**Exercise objective**
Everything in the listing below needs restating exactly, apart from the pictures.

**Data section**
((

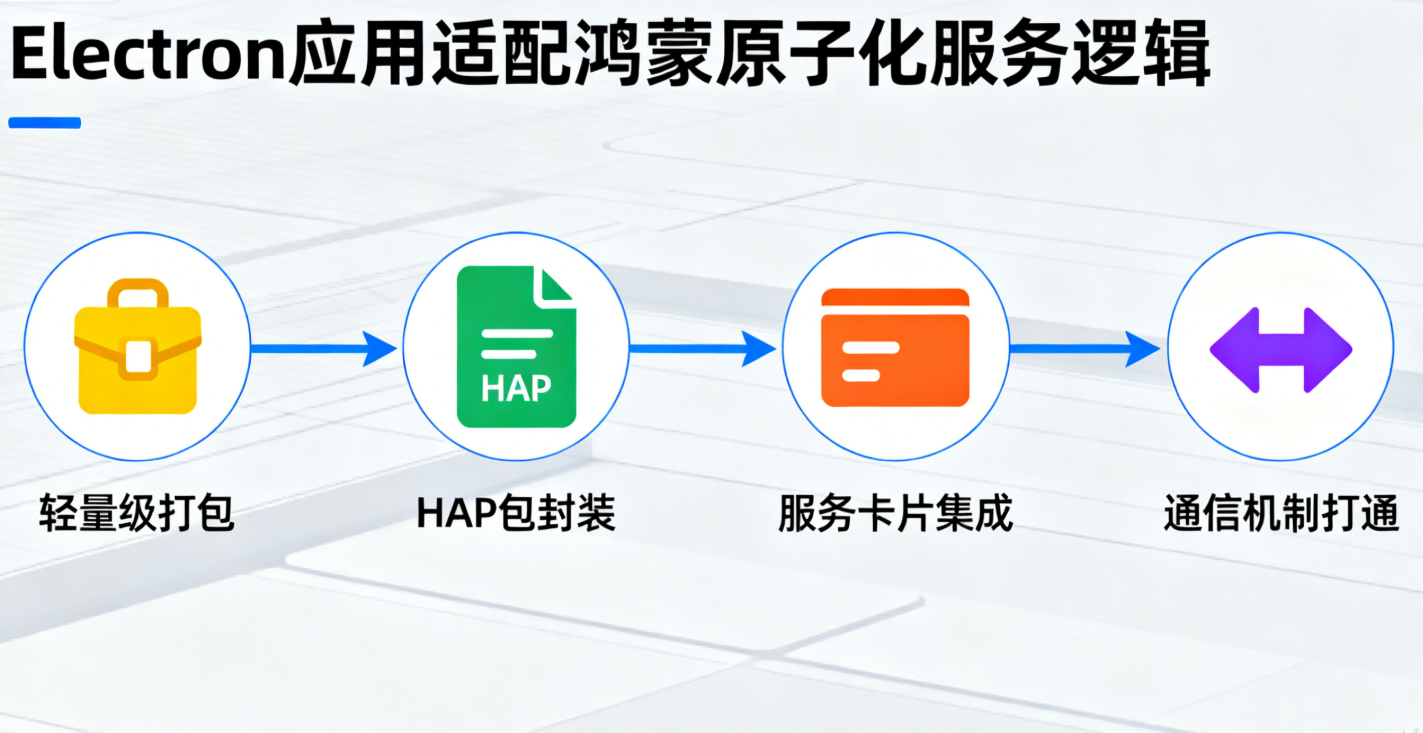 本文将从 技术原理、环境搭建、轻量级打包、服务卡片集成、通信机制、实战案例、问题排查 七个维度,全面解析 Electron 应用适配鸿蒙原子化服务的完整流程,附带可直接复用的代码片段和官方文档链接,助力开发者快速落地适配工作。
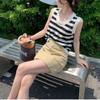 2023 Verão meia gola alta colete de malha colete feminino solto 2023 manga curta top de malha feminino
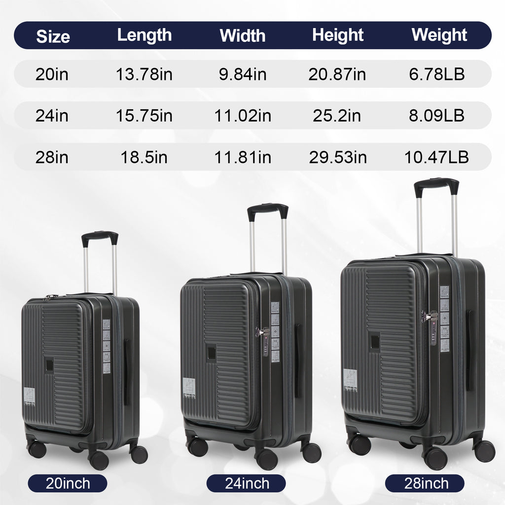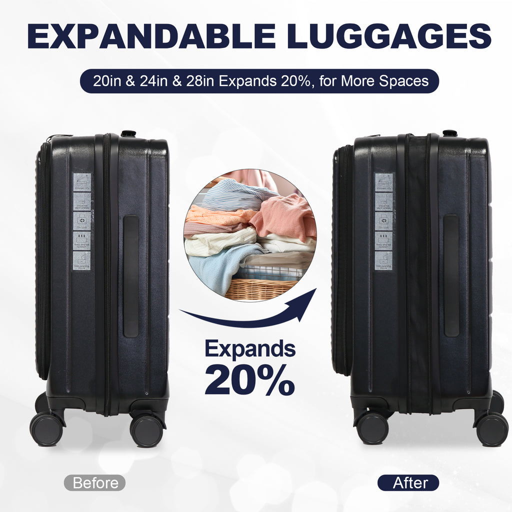 - Versatile Sizes: The 20' carry-on includes a front lid with a laptop compartment and mesh pockets for easy access. The 24' and 28' suitcases offer larger capacities with front-opening lids. All sizes expand by 20% for extra storage.

))

**Answer for this exercise**
 本文将从 技术原理、环境搭建、轻量级打包、服务卡片集成、通信机制、实战案例、问题排查 七个维度,全面解析 Electron 应用适配鸿蒙原子化服务的完整流程,附带可直接复用的代码片段和官方文档链接,助力开发者快速落地适配工作。
 2023 Verão meia gola alta colete de malha colete feminino solto 2023 manga curta top de malha feminino
 - Versatile Sizes: The 20' carry-on includes a front lid with a laptop compartment and mesh pockets for easy access. The 24' and 28' suitcases offer larger capacities with front-opening lids. All sizes expand by 20% for extra storage.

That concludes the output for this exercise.